My Aula F75 Pro suddenly started acting up after normal use, and now some keys are not responding the way they should. I’ve already tried basic troubleshooting, but the problem is still there, and I need help figuring out whether this is a common Aula F75 Pro issue or if there’s a fix I’m missing.
Start with the easy split. Figure out if it is hardware, firmware, or software.
-
Test the board on another device.
Use wired mode first. No hub. No extender. If the same keys fail on a second PC, the issue is inside the keyboard. -
Check switch behavior.
If your F75 Pro is hot-swap, pull the bad switch and swap it with a key you know works, like from Pause or Scroll if you do not use those. If the problem follows the switch, the switch is bad. Replace it. If the same socket still fails with a known good switch, the socket or PCB is the problem. -
Clean the socket.
Dust, bent pins, and half-seated switches cause missed input a lot. Pull the switch, inspect both pins, make sure they are straight, then reseat firmly. A tiny bit of debris in a hot-swap socket is enough to make keys act weird. -
Reset the keyboard.
Try factory reset from the manual or Aula software. Some boards get stuck after macro or layer changes. If random keys output the wrong thing, this matters more than if they are dead. -
Reflash or update firmware.
If Aula has a firmware tool for the F75 Pro, run it in wired mode. Close RGB and remap software first. Bad firmware shows up as wrong mappings, chatter, or dead zones. -
Rule out software conflict.
Turn off AutoHotkey, SharpKeys, game overlays, and Aula software tempraorily. Test in a text editor and a keyboard tester site. -
Watch for pattern.
One key dead, often switch.
Whole column dead, often PCB trace or controller issue.
Only wireless fails, battery or 2.4 GHz issue.
Double typing, often switch wear or debounce issue.
If you list which keys fail, and whether they are dead, double press, or output the wrong key, people here can narrow it down fast. If it is a whole row or column, dont waste time on switch swaps first.
I’d add one thing @espritlibre didn’t really lean on enough: check for a stuck Fn/layer state before you assume the PCB is dying. On a lot of 75% boards, when a few keys start doing the “wrong” thing after normal use, it’s not always dead hardware. Sometimes the board thinks you’re on a secondary layer, or a macro profile got toggled by accident. That can look a lot like failure when it’s really just the keyboard being dumb.
A few extra checks:
- Open an online key event tester and see the exact scancode being sent.
- If pressing A sends nothing, that points one way.

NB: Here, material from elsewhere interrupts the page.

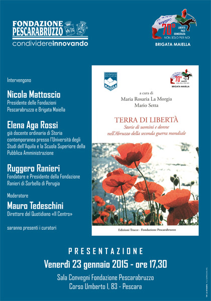 “Il fenomeno dell’assistenza spontanea era generalizzato in tutta la regione abruzzese. Sulla base di statistiche desumibili dai documenti conservati negli archivi nazionali di Washington, si può calcolare un coinvolgimento di decine di migliaia di persone nell’assistenza, sempre più rischiosa, agli ex prigionieri alleati fuggiti dai campi di concentramento dopo l’8 settembre”. Il grande cuore della straordinaria gente d’Abruzzo, evidenziato da Roger Absalom, lo storico inglese che è stato ufficiale durante la campagna d'Italia, una esperienza che gli ha permesso di conoscere direttamente il periodo della Resistenza, trova una ulteriore conferma nel libro fresco di stampa “Terra di Libertà”,a cura della giornalista Rai Maria Rosaria La Morgia e dello studioso Mario Setta. Un libro di storie nell’Abruzzo della seconda guerra mondiale, dedicato proprio a Roger Absalom. ”Storie di uomini e di donne” che la giornalista e lo studioso hanno raccolto con pazienza certosina e grande rigore storico. “La storia dei prigionieri angloamericani internati nei campi in Italia che dopo l’8 settembre riuscirono a fuggire e a nascondersi tra la popolazione, in attesa di passare le linee del fronte o del ritiro dei tedeschi, è una vicenda poco nota al grande pubblico”, scrive nell’introduzione Elena Aga Rossi. E sottolinea: “Fino a pochi anni fa non era stata nemmeno tradotta l’opera più esaustiva sull’argomento, il libro di Roger Absalom, pubblicato in inglese da Olschki nel 1991”. Ricorda che solo di recente la Rai ha trasmesso un documentario e che “vi è una ricca memorialistica di prigionieri che hanno narrato la loro esperienza, ma i volumi sono pubblicati solo in inglese o tradotti da case editrici locali”. Precisa che “la maggioranza dei prigionieri erano inglesi o dei paesi del Commonwealth ed erano stati catturati sul fronte africano, ma vi erano anche gli americani, tra questi molti piloti abbattuti dalla contraerea”. E nel libro sono tante le “testimonianze di ex prigionieri alleati usciti dai campi di concentramento e in fuga dai tedeschi, e di altri protagonisti, militari e antifascisti che si trovarono ad attraversare l’Abruzzo, per lo più nel tentativo di raggiungere le linee alleate”. E così viene fuori il ritratto limpido di gente umile e coraggiosa che rischia la vita per salvare altre vite. “Colpisce il fatto che non sono soltanto alcuni individui che accolgono il nemico del giorno prima come un ospite – scrive Elena Aga Rossi - ma è l’intera comunità che partecipa e si organizza per aiutarli, nonostante i proclami dei tedeschi che minacciavano la distruzione delle case dove avessero trovato rifugio i prigionieri e la fucilazione di tutti gli abitanti”.

- If pressing A sends Left Arrow or some media key, that points another way.
- Try BIOS or your login screen.
- If the bad behavior happens there too, it’s probly not Windows doing something weird.
- Check battery level if you mostly use it wireless.
- Low battery can make some boards act wonky before they fully die. Not super common, but it happens.
- Look for liquid or humidity damage.
- Even one tiny spill from days ago can corrode a couple of keys first, then spread. People always say “normal use” and then remember the coffee incident later lol.
- Press around the case gently while testing the dead keys.
- If keys come back when the case flexes a little, that screams solder/socket issue, not software.
I’d actually disagree a bit with “just reflash firmware” early on. If the problem started suddenly and only affects a small cluster of keys, reflashing is lower on my list than checking for physical damage, layer weirdness, or partial PCB failure.
If you post the exact keys affected, like “entire left column” vs “just R and F” vs “wrong output,” people can narrow it down way faster. Whole pattern matters a ton here.
I mostly agree with @espritlibre, but before blaming firmware or the PCB, I’d test whether this is actually a switch or hotswap socket issue. On the Aula F75 Pro, a single bad switch can look like a dead key problem when the board itself is fine.
What I’d do:
- Pull the problem keycaps.
- Swap the affected switches with known-good ones from keys that work.
- Test again.
Results matter:
- If the problem follows the switch, the switch is bad.
- If the same key position still fails, it’s socket/PCB side.
- If the key starts working after reseating, the switch may have had bent pins or poor contact.
Also inspect the switch pins closely. Bent pins are super common after even one swap and can cause partial input or total failure.
One thing I slightly disagree on: case flex testing can hint at a bad connection, sure, but I would not press on the case much unless you want to risk making it worse. Better to open it and visually inspect the PCB, daughterboard cable, and plate alignment directly.
For the Aula F75 Pro specifically, also try wired mode with the board fully powered off first, then reconnect. Some tri-mode boards get weird when switching between 2.4G, Bluetooth, and USB states.
Pros of the Aula F75 Pro:
- Hotswap makes switch diagnosis easy
- Tri-mode is convenient
- Nice layout for daily use
Cons:
- More points of failure because of wireless plus hotswap
- Socket issues can happen after switch changes
- Harder to diagnose than a plain wired board
If you list the exact dead keys, people can tell pretty fast whether it’s row, column, or just a couple sockets.